YOUR OBJECTIVE: Working from the start of the listing, please write out exactly the lines through the one that holds "Surat Lantikan Guru Bdk", both included, and omit all pictures.

** Opening GIVEN DATA block **

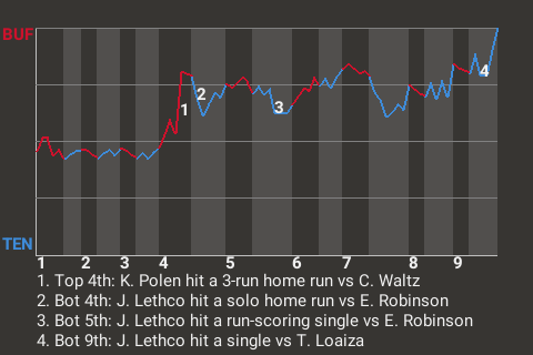 Buffalo used a clutch at-bat from Kelly Polen to capture the win. The catcher hammered a 3-run home run in the top of the fourth inning to put the Bills ahead, 3-0. It was his lone hit in 4 at-bats, but it was a humdinger.
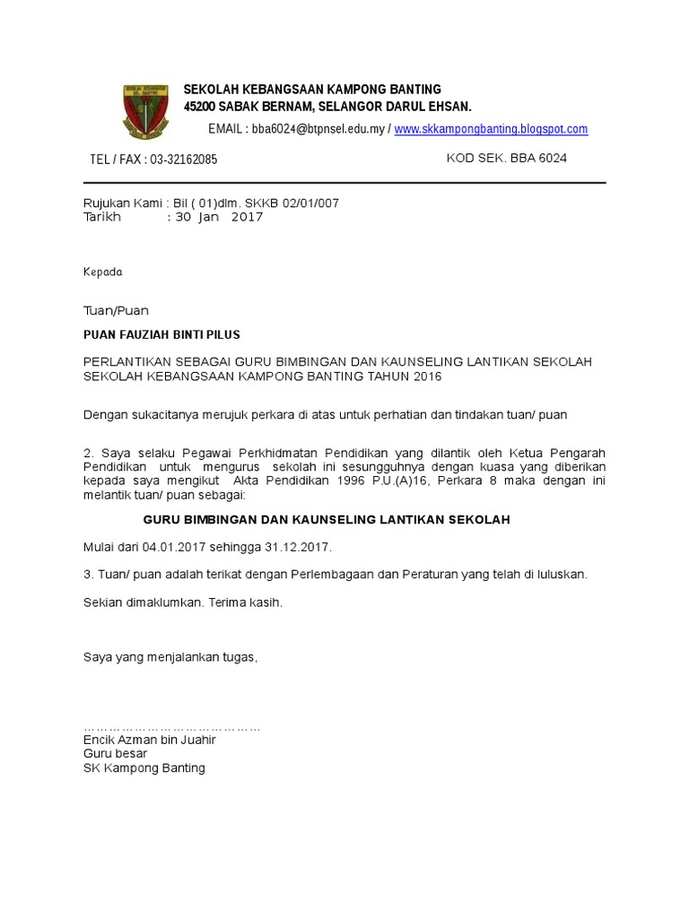 Surat Lantikan Guru Bdk
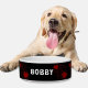 Red Hearts Glitzern Dots Muster Name Bowl. Dieses schlichte und stilvolle Design kommt mit roten Herzen, Glitzern und Punkten auf schwarzem Hintergrund. Fügen Sie den Namen Ihres Hundes hinzu.

** Closing GIVEN DATA block **

SOLVED PROBLEM:
 Buffalo used a clutch at-bat from Kelly Polen to capture the win. The catcher hammered a 3-run home run in the top of the fourth inning to put the Bills ahead, 3-0. It was his lone hit in 4 at-bats, but it was a humdinger.
 Surat Lantikan Guru Bdk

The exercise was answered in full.